Opinion: The government is missing chances to slash IT costs
It should transform procurement, says Chris Chant, not just shave a bit off prices
IT procurement in government – and, most likely, the public sector as a whole – has for many years been a fast-growing industry. In my experience, around a third of all client-side IT staff (those serving the commissioning and operational needs of other staff) have been engaged, directly or indirectly, with procurement. A similar-sized army has been employed by the supplier side of the service. Reprocurement of outsourced services typically takes years: in 2011, for example, one smallish agency was already starting activity to reprocure on a contract that ran till 2015. But it’s not just the initial procurement. Because of endless changes and often meaningless service level agreements, the pace never slackens; procurement teams are kept very busy.

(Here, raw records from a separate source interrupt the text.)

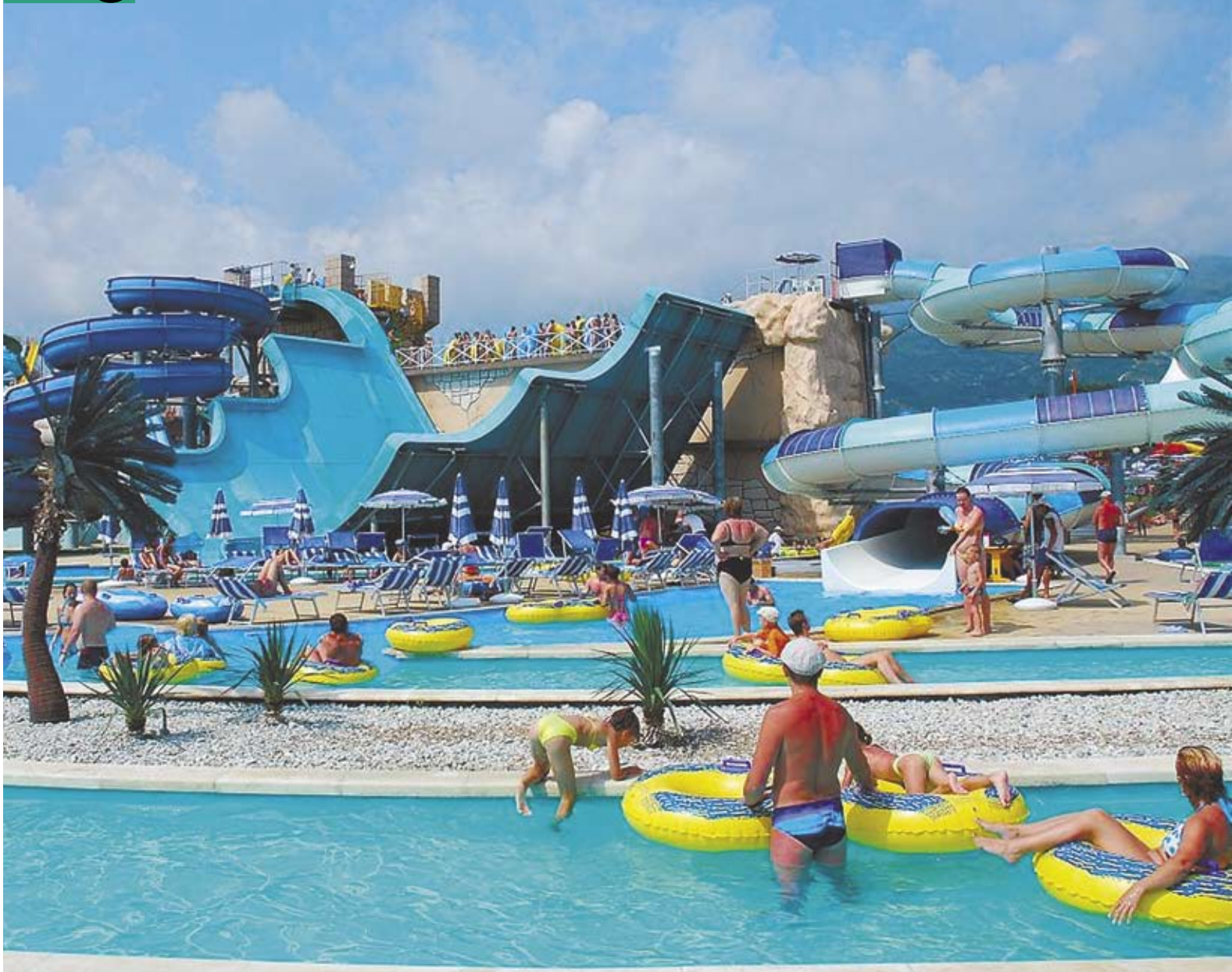
Самая высокая горка в России (25 метров) находится в аквапарке «Золотая бухта» в Геленджике (на фото). Под Батайском строят вторую по высоте в стране (16 м).
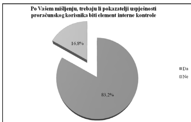
Slika 4. Potreba interne kontrole pokazatelja uspješnosti

Pokazatelji uspješnosti informiraju o uspjehu institucije i razini zadovoljenja javnih potreba stanovništva te prema tome mogu biti izvrstan alat za nadzor uspješnosti poslovanja proračunskih korisnika. Da bi pokazatelji uspješnosti trebali biti element unutarnje kontrole drži 83,2% ispitanih javnih menadžera, dok 16,8% ispitanika smatra da pokazatelje uspješnosti ne treba kontrolirati. Iako 83,2% menadžera smatra kako bi pokazatelji uspješnosti trebali biti kontrolirani od strane internih kontrolora, ovakva kontrola se provodi u svega 49,7% ispitanih subjekata.
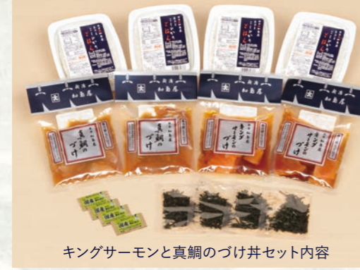
キングサーモンと真鯛のづけ丼セット内容
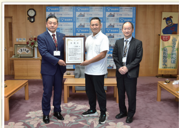
応援をいただきました 7月6日(火)、いば青果さんより、ウガンダ共和国代表選手団応援のため、選手団のみなさんにパイナップルを寄贈いただきました。
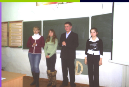
Участники конкурса из старших классов
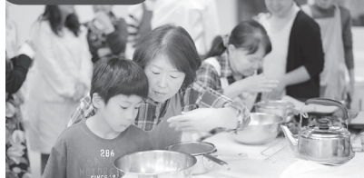
▲クリ正試食会@岡崎りふら エビの食比べ。ゆで汁の香りはどうかな～
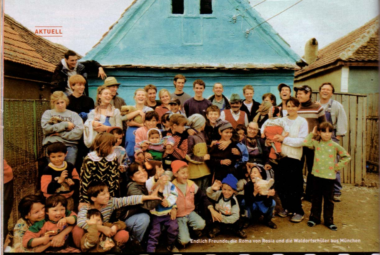
Endlich Freunde: die Roma von Rosia und die Waldorfschüler aus München
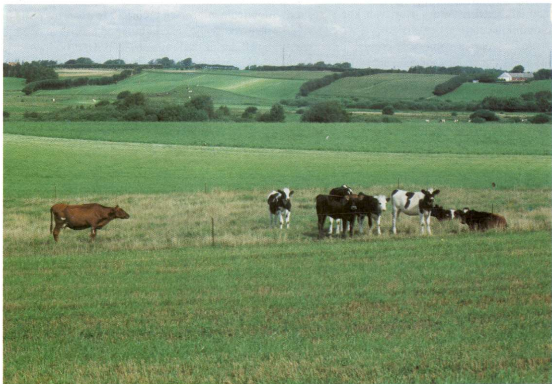
Slika 3: Polotok Jutlandija je prevladujoče usmerjen v mlečno živinorejo, zato je na poljih največ krmnih rastlin in ječmena. Proti neugodnim učinkom stalnih zahodnih vetrov se borijo s sajenjem vetrozaščitnih pasov na parcelnih mejah.

Najgosteje je poseljena vzhodna obala Zelandije, kjer je tudi urbana aglomeracija glavnega mesta København z dobro četrtino vsega prebivalstva v državi. Gosto sta naseljena tudi otok Fyn in vzhodna obala Jutlandije. Mestnega prebivalstva je kar okrog 85 % (7). Vsa stara mesta so ob obalah, saj je morje že od nekdaj pomemben vir prehranjevanja in trgovsko (nekoč tudi plenilsko) okno v svet. Nova srednje velika mestna središča so se v obdobju po industrijski revoluciji razvila tudi v notranjosti. Le štiri mesta imajo več kot 100 000 prebivalcev: København, Århus, Odense in Ålborg. Danska sodi med dežele z najvišjim življenjskim standardom. Njeni državljani uživajo številne socialne ugodnosti in imajo na voljo izjemno sodoben in učinkovit šolski sistem. Ljudje se lahko na stroške države izobražujejo tudi v zrelih letih, še posebno, če je za njih potrebna poklicna prekvalifikacija, kar pa ni nujen pogoj. Zelo dobre so tudi razmere in zaščita
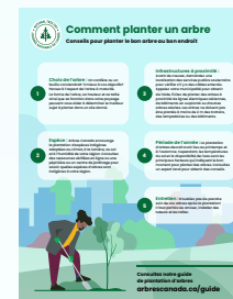
Infographie : Comment planter un arbre
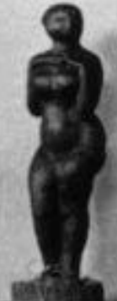
Abstrakte Skulptur von [Name]
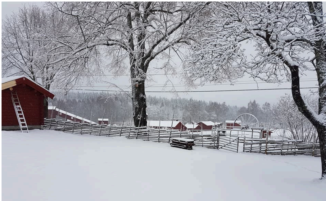
Figur 2. Utsikt ner mot Gruvmuseet.

Bergsmansgården ligger i Marnäs i östra delen av nuvarande Ludvika stad. Gården är till övervägande delen från 1700-talet men har rötter i 1500-talet då Marnäs tillhörde Norrbärke socken.
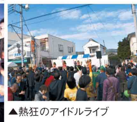
▲熱狂のアイドルライブ
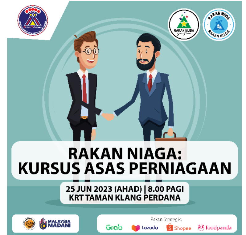
CONTOH 3: PROGRAM ANJURAN RAKAN PELAKSANA TANPA PENGLIBATAN KBS *TERTAKLUK KEPADA TATACARA PENGGUNAAN JATA NEGARA

So why does this approach need to change? Well, the reasons are both obvious and legion. Guesses on the number of client-side IT staff in the public sector run about 60-100,000. If just 25-30 per cent of them are involved in procurement, at an all-up cost average of £30-40,000, the annual cost of procurement is £450m-1.2bn.
For such a large business, you may think this is worthwhile – but public sector workers themselves don’t see value for money. The service provided has, in the eyes of most end users (public service workers and citizens), been woeful. It has been expensive, with costs to change one line of code reaching £50,000. It has been slow: it often takes 12 weeks to commission a server. It has been unreliable: ask any public sector worker.
Of course, not all services are like this – there have been some exceptions where smart people, working hard, have kept things going well. But the system works relentlessly against these heroes.
Apart from cost and quality, the third disastrous leg of our approach has been duplication. Often, though organisation A is spending thousands on procuring, testing and accrediting a service, organisation B nonetheless undertakes exactly the same activity, to exactly the same standards, and often at exactly the same time. It’s lunacy.
There is another way, and it doesn’t require endless battles with the EU or security services. When we developed the G-Cloud framework and approach, it became clear that the UK had often chosen to interpret EU legislation in a draconian way that served to slow procurements down without improving the outcome. In Germany, procurements were typically twice as fast as ours.
As we worked through realising our vision, it became clear it was possible to do things so much better. First, we could complete the universal procurement components – those elements that are identical across the public sector, often comprising 80-90 per cent of the process – and make the results available, ensuring that all other public organisations could reuse them; this would save public bodies lots of time. Second, by security-accrediting services – where appropriate – through a pan-government assessor, we could take up to 90 per cent of the cost out of accrediting these services for other public bodies. Third, making all services visible and comparable in price and functionality would break us out from the world of secrecy in which one organisation couldn’t tell another what they’d paid for a service. This transparency, along with the relative ease of getting on the G-Cloud framework, opened the door to hundreds of SMEs and emerging suppliers – further driving down price and improving service and innova
tion. This approach is also being considered now by other countries and for other commodity products.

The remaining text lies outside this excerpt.